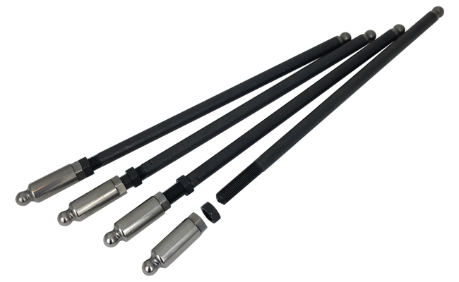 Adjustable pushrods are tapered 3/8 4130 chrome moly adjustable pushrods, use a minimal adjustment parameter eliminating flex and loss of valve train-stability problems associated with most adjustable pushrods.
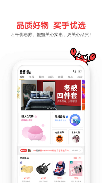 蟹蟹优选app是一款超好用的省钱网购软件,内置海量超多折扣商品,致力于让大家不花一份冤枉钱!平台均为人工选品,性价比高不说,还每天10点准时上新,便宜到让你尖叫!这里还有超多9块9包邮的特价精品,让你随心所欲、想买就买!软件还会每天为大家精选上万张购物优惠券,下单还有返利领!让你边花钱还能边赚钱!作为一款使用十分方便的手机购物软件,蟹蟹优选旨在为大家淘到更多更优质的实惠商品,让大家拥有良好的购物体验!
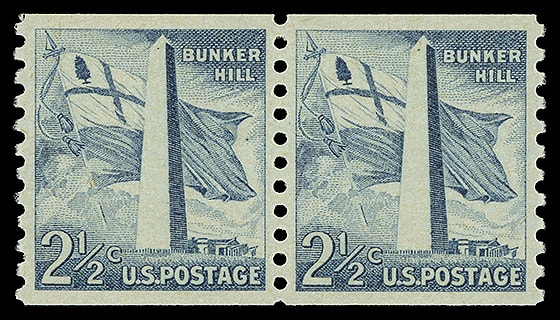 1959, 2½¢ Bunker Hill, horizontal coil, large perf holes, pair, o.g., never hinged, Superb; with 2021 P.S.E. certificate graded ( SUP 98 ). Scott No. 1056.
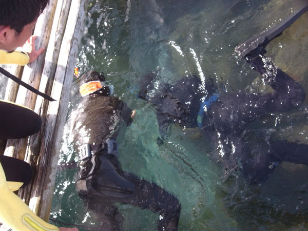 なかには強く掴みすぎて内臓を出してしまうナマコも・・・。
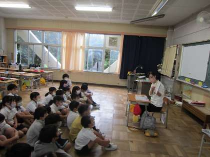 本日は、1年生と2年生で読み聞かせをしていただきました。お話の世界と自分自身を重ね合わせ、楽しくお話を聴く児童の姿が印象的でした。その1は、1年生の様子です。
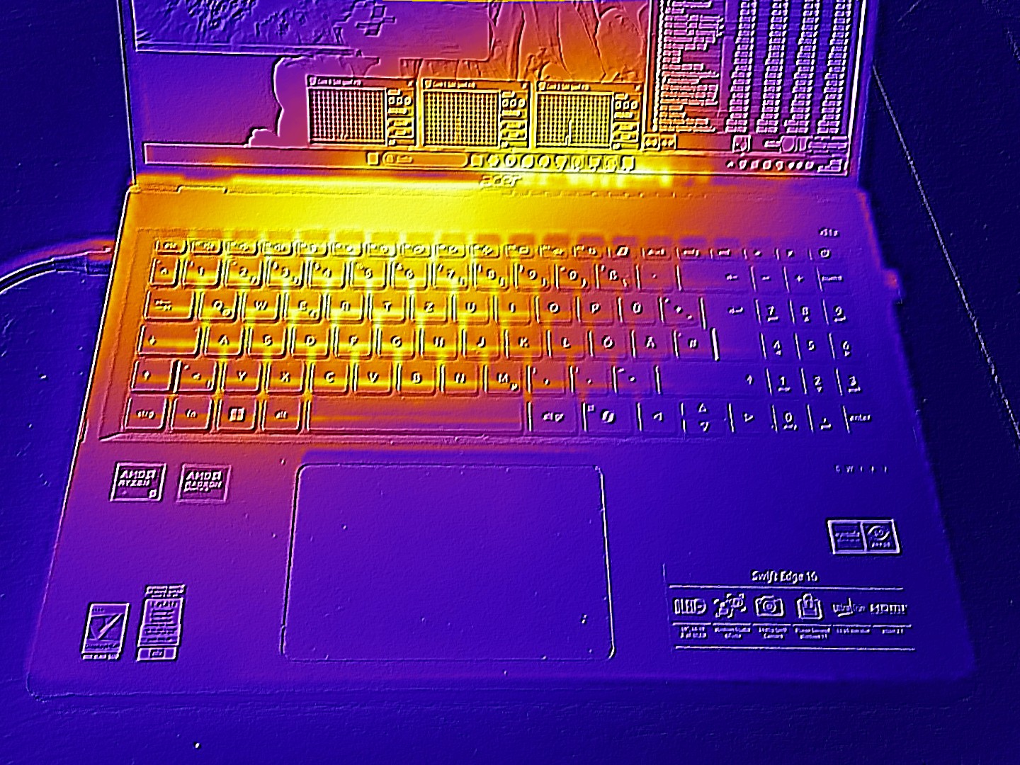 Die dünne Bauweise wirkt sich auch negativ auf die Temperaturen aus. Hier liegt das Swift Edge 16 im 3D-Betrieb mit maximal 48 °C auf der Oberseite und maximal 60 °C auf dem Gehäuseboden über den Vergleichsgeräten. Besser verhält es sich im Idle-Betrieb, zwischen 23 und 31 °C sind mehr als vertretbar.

★ ★ ★

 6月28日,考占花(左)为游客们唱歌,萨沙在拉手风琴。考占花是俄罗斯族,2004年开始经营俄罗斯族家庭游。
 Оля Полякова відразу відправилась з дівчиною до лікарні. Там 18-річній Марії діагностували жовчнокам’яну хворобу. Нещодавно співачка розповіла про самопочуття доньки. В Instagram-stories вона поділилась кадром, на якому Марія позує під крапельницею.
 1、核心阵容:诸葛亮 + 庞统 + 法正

★ ★ ★

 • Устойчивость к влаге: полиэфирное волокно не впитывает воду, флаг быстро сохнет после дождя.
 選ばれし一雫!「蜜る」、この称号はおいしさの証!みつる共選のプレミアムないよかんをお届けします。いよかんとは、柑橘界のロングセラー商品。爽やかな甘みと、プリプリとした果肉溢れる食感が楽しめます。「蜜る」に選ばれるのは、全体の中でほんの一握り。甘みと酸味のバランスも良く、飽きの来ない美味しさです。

★ ★ ★

#### WHAT THE TASK REQUIRES:
Among the records above, only the lines between the line holding "6月28日,考占花(左)为游" and the line holding "1、核心阵容:诸葛亮 + 庞统 + 法正", inclusive, are to be output, exactly as written.

#### TASK ANSWER:
 6月28日,考占花(左)为游客们唱歌,萨沙在拉手风琴。考占花是俄罗斯族,2004年开始经营俄罗斯族家庭游。
 Оля Полякова відразу відправилась з дівчиною до лікарні. Там 18-річній Марії діагностували жовчнокам’яну хворобу. Нещодавно співачка розповіла про самопочуття доньки. В Instagram-stories вона поділилась кадром, на якому Марія позує під крапельницею.
 1、核心阵容:诸葛亮 + 庞统 + 法正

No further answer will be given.